放送の成功には大会の成功が不可欠です。今大会は最初の3日間(9月13~15日)が3連休ということもあり、ステークホルダーのWA、日本陸上競技連盟、東京2025世界陸上財団(大会運営組織。以下、世界陸上財団)¹ と競技スケジュールの協議を重ねました。日本人選手のメダル獲得や8位までの入賞が期待される種目の「競歩」「マラソン」を3連休の午前中に編成。ナイトセッション(夕方から夜にかけて行われる競技時間帯)では注目度の高い「100m」や世界記録保持者が登場する「男子棒高跳」、日本人選手の活躍が期待される「男子3000m障害物」「女子10000m」などを続々編成。大会後半の週末には「女子やり投」と3種のリレーを編成する。この競技スケジュールの骨子が2024年4月に固まりました。

同時にWA、世界陸上財団と連携し、当社が大会公式マスコットキャラクター「りくワン」をデザイン、大会メインカラーの江戸紫を基調とした「大会コアグラフィックス」のデザインを担いました。また、「1秒後、世界が変わる。」を大会と番組の統一テーマとし、世界陸上財団と当社が連動したプロモーションへとつなげていきました。

さらに1997~2022年までの13大会にわたり、当社の「世界陸上」でメインキャスターを務めた俳優の織田裕二さんが大会のスペシャルアンバサダーに就任。就任が発表された2024年10月から大会公式のイベントのみならず、当社のさまざまなバラエティ番組やオールスター感謝祭などの特番に出演いただき"東京大会の顔"として、機運醸成を最大化へ導いていただきました。

加えて当社のアンバサダーには俳優の今田美桜さん、応援サポーターとしてボーイズグループ「&TEAM」メンバーのKさんを起用。今田さんはスポーツ大会の顔を務めるのはこれが初めてであり、その新鮮なリアクションとともに親しみやすさが注目を集め、これまで世界陸上の視聴者として手薄だった女性層や若年層に大きくアプローチをしてくれました。また高校時代は駅伝の有望な選手として活躍していたKさんには、陸上選手のすごさを身をもって体感したことを伝えてもらい、SNS投稿などのデジタル施策においても中心的な役割を果たしていただきました。


2 rikuone.JPG <「東京2025世界陸上」大会公式マスコット「りくワン」>

顧客満足度とコンテンツ最大化の追求

当社が世界陸上をゴールデンタイムで放送するのは2015年の北京大会以来となります。初めて陸上の世界大会を視聴される方やこの10年の視聴環境の変化も鑑み、陸上競技の見せ方をあらためて見直していきました。

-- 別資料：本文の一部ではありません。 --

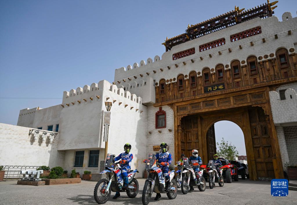 6月1日,在新疆和田地區約特干故城景區,2023年環塔拉力賽參賽代表參加旅游展示活動。
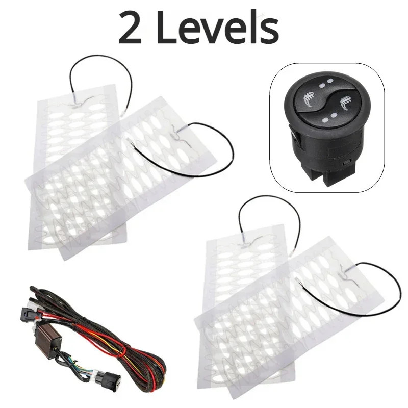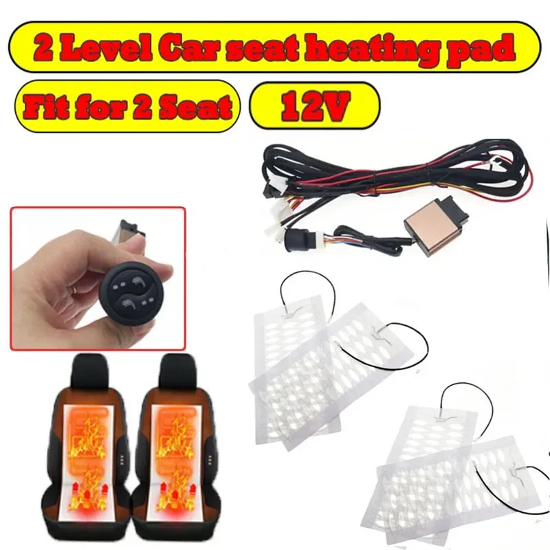 12V Carbon Fiber/ Alloy Car Heated Seat Cover Cushion Pad Kit 2 Level High/Low Temp Switch Universa

1つのスタジアムの中で、"トラック、跳躍、投てき"の種目が同時進行で行われ、陸上競技は種目ごとに勝負を決する瞬間が異なるため「生中継で見せるべき、歴史的な瞬間」の優先順位を定めることとしました。例えば「日本人選手がメダルを決める瞬間」「世界記録が生まれる瞬間」「日本人選手が決勝進出を決める瞬間=種目においては大変な快挙」など、日々の競技進行の流れと想定される注目選手、記録や結果を基にシミュレーションを重ね、制作・技術・アナウンサーなどの全スタッフの指針としました。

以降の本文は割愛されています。